On March 30, 2025, the DeFi protocol SIR.trading was hacked, resulting in the loss of $355,000 at the time of the writing. The attack was caused by a mistake when performing gas optimization using new EIP-1153 - Transient storage opcodes.

Overview

Attacker: https://etherscan.io/address/0x27defcfa6498f957918f407ed8a58eba2884768c

Vulnerable Contract: https://etherscan.io/address/0xb91ae2c8365fd45030aba84a4666c4db074e53e7#code

Transaction attack: https://etherscan.io/tx/0xa05f047ddfdad9126624c4496b5d4a59f961ee7c091e7b4e38cee86f1335736f

EIP-1153 - Transient storage opcodes adds 2 opcodes for manipulating state that behaves almost identically to storage but is discarded after every transaction:

• TLOAD pops one 32-byte word from the top of the stack, treats this value as the address, fetches 32-byte word from the transient storage at that address, and pushes the value on top of the stack.

• TSTORE pops two 32-byte words from the top of the stack. The word on the top is the address, and the next is the value. TSTORE saves the value at the given address in the transient storage.

Addressing is the same as SLOAD and SSTORE. i.e. each 32-byte address points to a unique 32-byte word.

Gas cost for TSTORE is the same as a warm SSTORE of a dirty slot (i.e. original value is not new value and is not current value, currently 100 gas), and gas cost of TLOAD is the same as a hot SLOAD (value has been read before, currently 100 gas). Gas cost cannot be on par with memory access due to transient storage’s interactions with reverts.

All values in transient storage are discarded at the end of the transaction so basically we can use them like a cheaper storage that only last for a transaction. One use-case is the Reentrancy Locks. 

Exploit Analysis

• In the mint function, the Vault contract of SIR.trading uses transient storage to to store UniswapV3pool address before performing swap.
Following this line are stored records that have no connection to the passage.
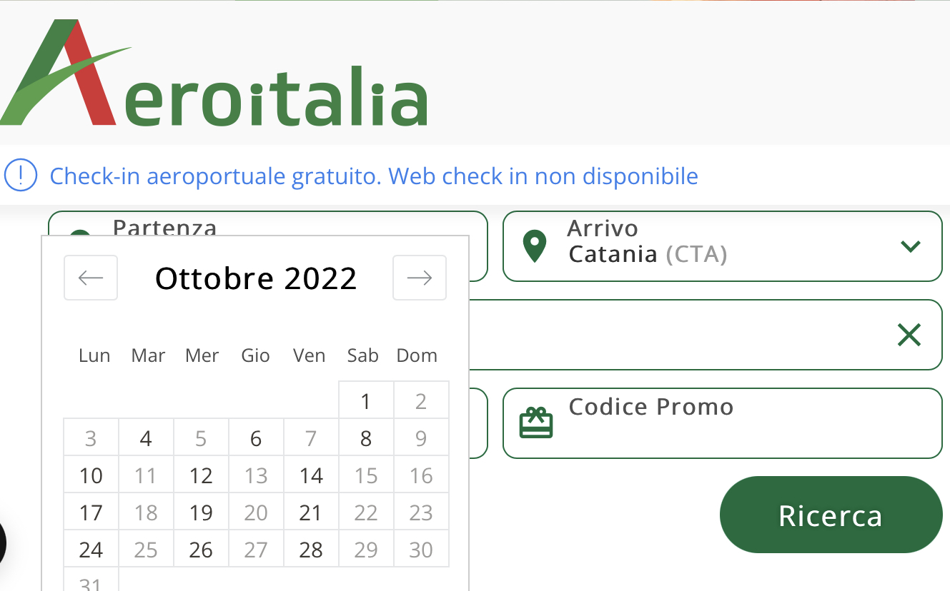 dal 10 ottobre e fino al 28 dello stesso mese i voli saranno estesi e operati il lunedì / mercoledi / venerdi
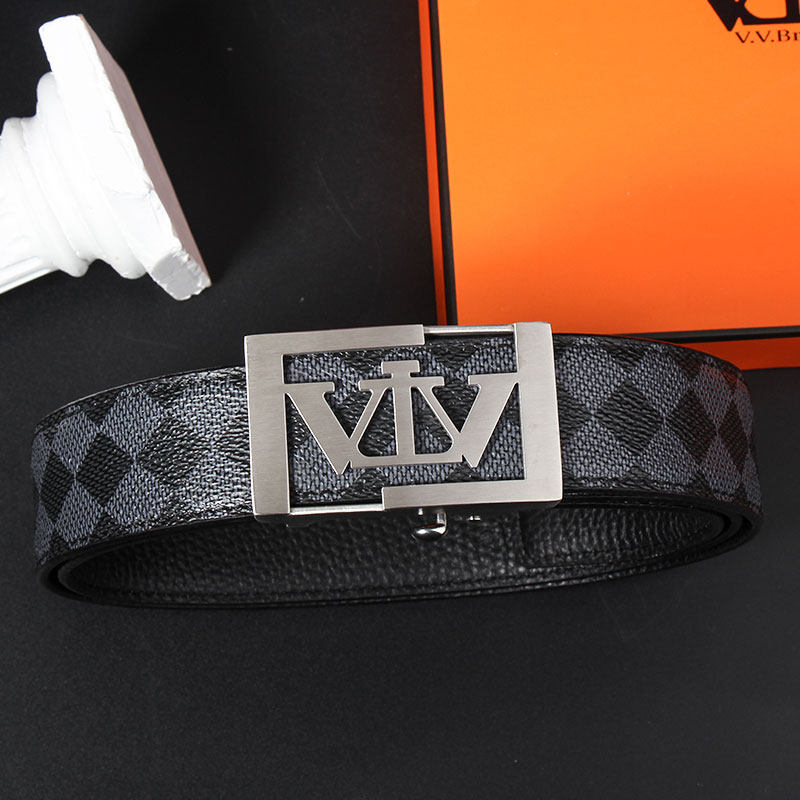 VVBrown新款男士内穿自动扣皮带真皮头层牛皮中青年商务正装腰带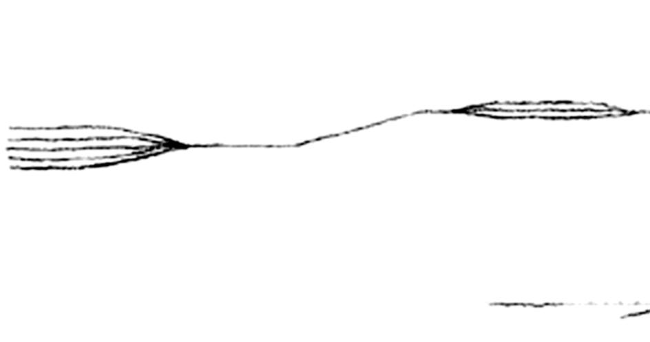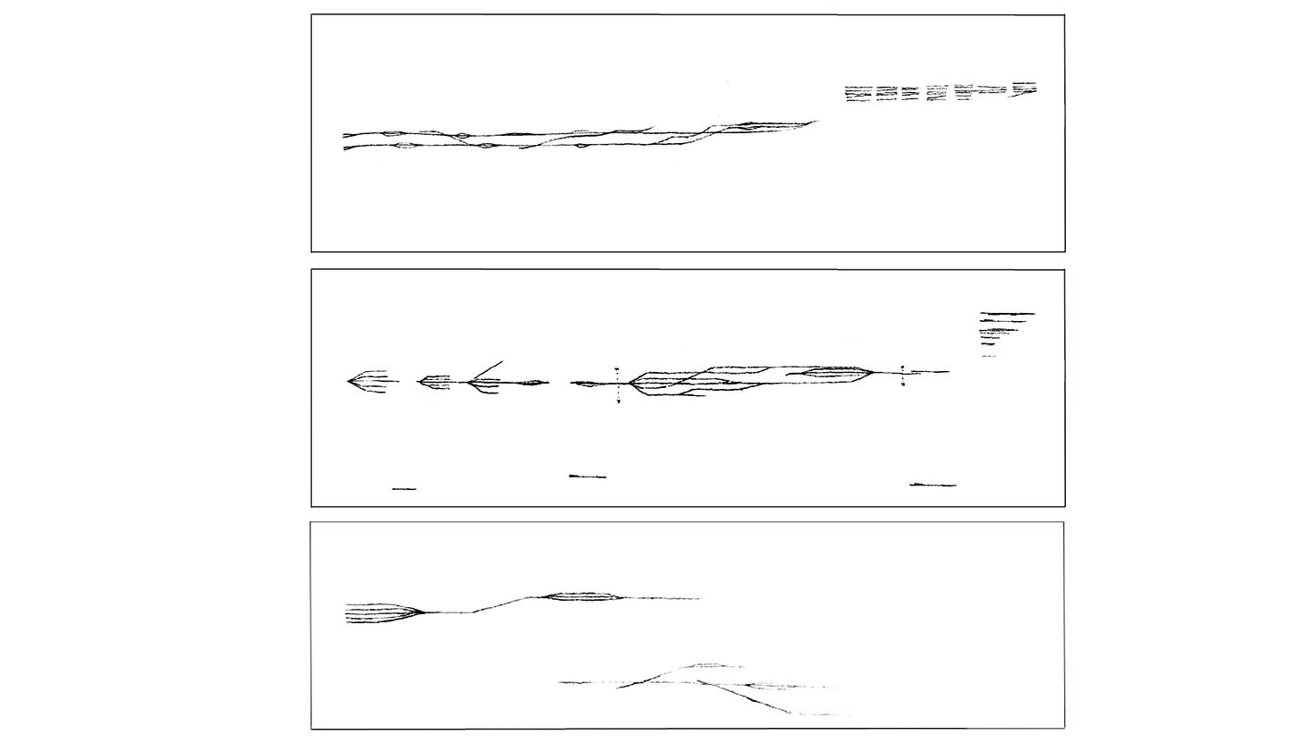 From this drawing, here is what we can expect in the music: 5 distinct pitches and equidistant/evenly spaced, sustained for a while, joining together at the same speed to one single pitch, holding that unison for a while, before moving as one single voice upwards, sustaining that pitch for a while, and then separating into 4 different voices: 3 upper ones (pitches close to each together) and one lower voice way bellow.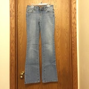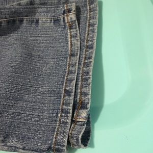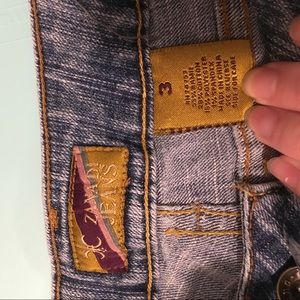Size 3 jeans, light colored. Glittery gems, and pink, yellow, green designs on back pockets. If no gems desired, they can be taken off. Never worn.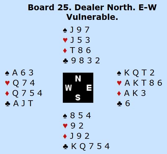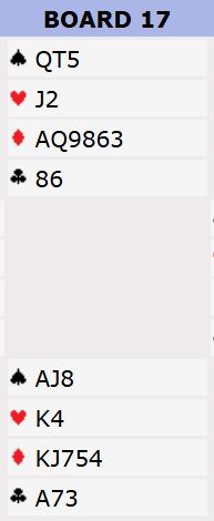 Resten spilte utganger N/S. Å spille 5 ruter med elleve stikk ga hårfint under middels, mens +460 for 3NT eller 4NT med elleve stikk ga 86% til N/S.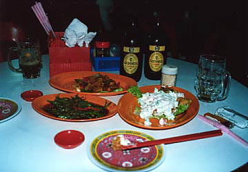 さて、この水上集落付近の段差にて名誉の?負傷を負ったおしんこどんではあったが、とりあえず大事には至らず。これから内陸の熱帯雨林へと入り込んでいくわけだからケガは禁物。というわけで、身体の中から消毒をというわけで、ムスリム比率の高いこの町では数少ないビールの飲める中国系の食堂を探し求めたTakema一行なのであった。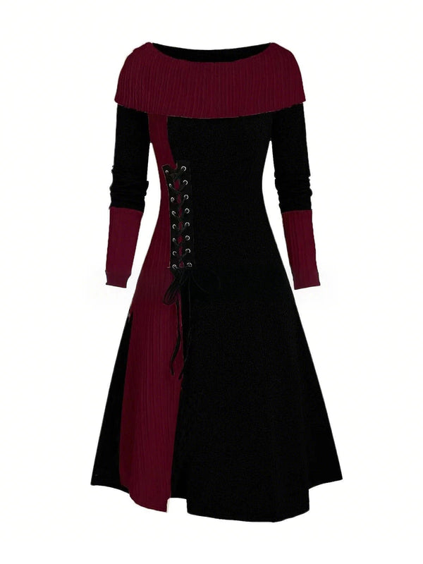 1940er Schnürung Farbblock Schulterfrei Kleid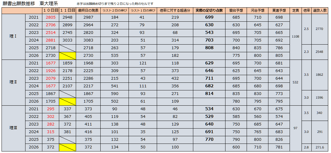これによって、現時点で理Ⅰは125名超過しています。そして、ラスト1日では50~100通伸びていることを考慮すると、超過は200名前後となるでしょうか。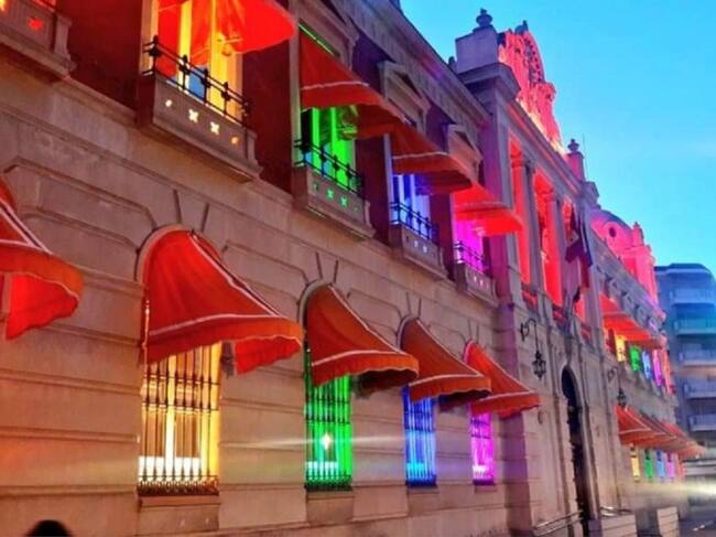 Fachada de la Diputación de Ciudad Real iluminada con los colores del arco iris en el Día del Orgullo LBTBI+ / Cadena SER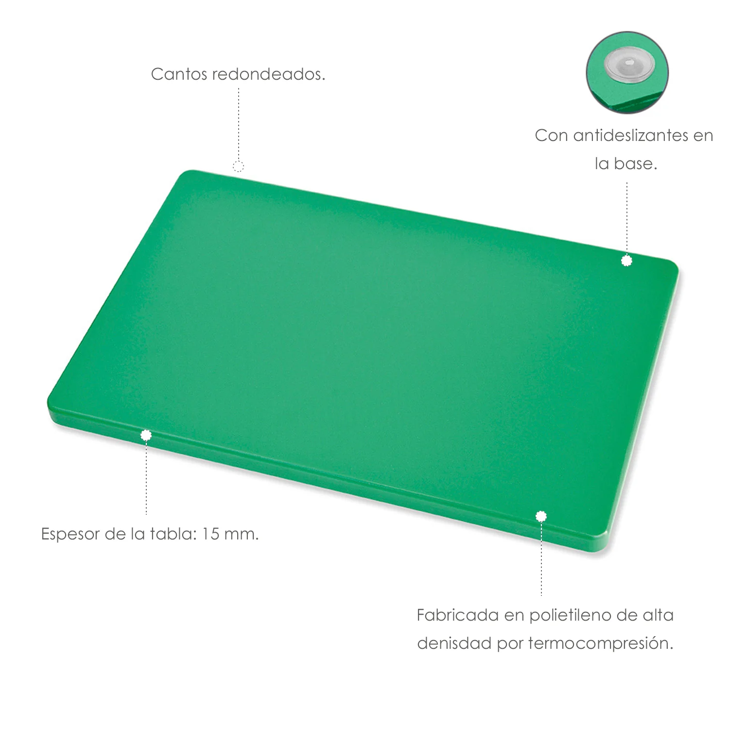 Tabla Cortar Polietileno 35x25x1,5 cm. Color Verde

• The pool address stored in transient storage 0x1 is later uses in uniswapV3SwapCallback to verify that the msg.sender is Uniswapv3 pool and then transfer tokens to the pool to performing swap.

• The implementation is correct up to this point, but then they need to return the amount to the mint function. They try to save gas costs again by using transient storage: storing the amount in transient storage 0x1 and loading it in the mint function.

• This is where the pitfall occurs. The transient storage 0x1 is now overwritten with amount and the transient storage remains for the whole transaction so if in this transaction, we call uniswapV3SwapCallback function again, it will load the 0x1 which is now the amount instead of the pool address. Since the amount can be controlled by crafting arguments in uniswapV3SwapCallback function, attacker bruteforced an address 0x00000000001271551295307acc16ba1e7e0d4281 (amount = 95759995883742311247042417521410689).

• The attacker deployed contract 0x00000000001271551295307acc16ba1e7e0d4281 with CREATE2, provided crafted arguments to mint exactly the number of tokens above, successfully manipulating the transient storage 0x1 to the amount (0x00000000001271551295307acc16ba1e7e0d4281). The contract then directly called uniswapV3SwapCallback, bypass the Uniswapv3 pool check and transferred tokens from the vault to the attacker’s wallet.

Conclusion

EIP-1153 - Transient storage opcodes introduces a great way to save gas cost but with the great power comes with great responsibility. Smart contract developers should understand the lifetime of transient storage variables before use.

Because transient storage is automatically cleared at the end of the transaction, smart contract developers may be tempted to avoid clearing slots as part of a call in order to save gas. However, this could prevent further interactions with the contract in the same transaction (e.g. in the case of re-entrancy locks) or cause other bugs, so smart contract developers should be careful to only leave transient storage slots with nonzero values when those slots are intended to be used by future calls within the same transaction. Otherwise, these opcodes behave exactly the same as SSTORE and SLOAD, so all the usual security considerations apply especially in regard to reentrancy risk.

In the SIR.trading case, they did not clear the 0x1 slot after using it to store the uniswapPool and amount, and they also reused the 0x1 for the amount, which led to the exploitation.

Smart contract developers need to carefully understand the new features, especially the breaking changes, before using them. Always remember to review the EIPs carefully, including all security considerations, when implementing them.

Additionally, it is strongly recommended to conduct a security audit, not only for the first release version but also for any new features added in the future. Since the upgrading process can introduce various issues, it should also be thoroughly audited.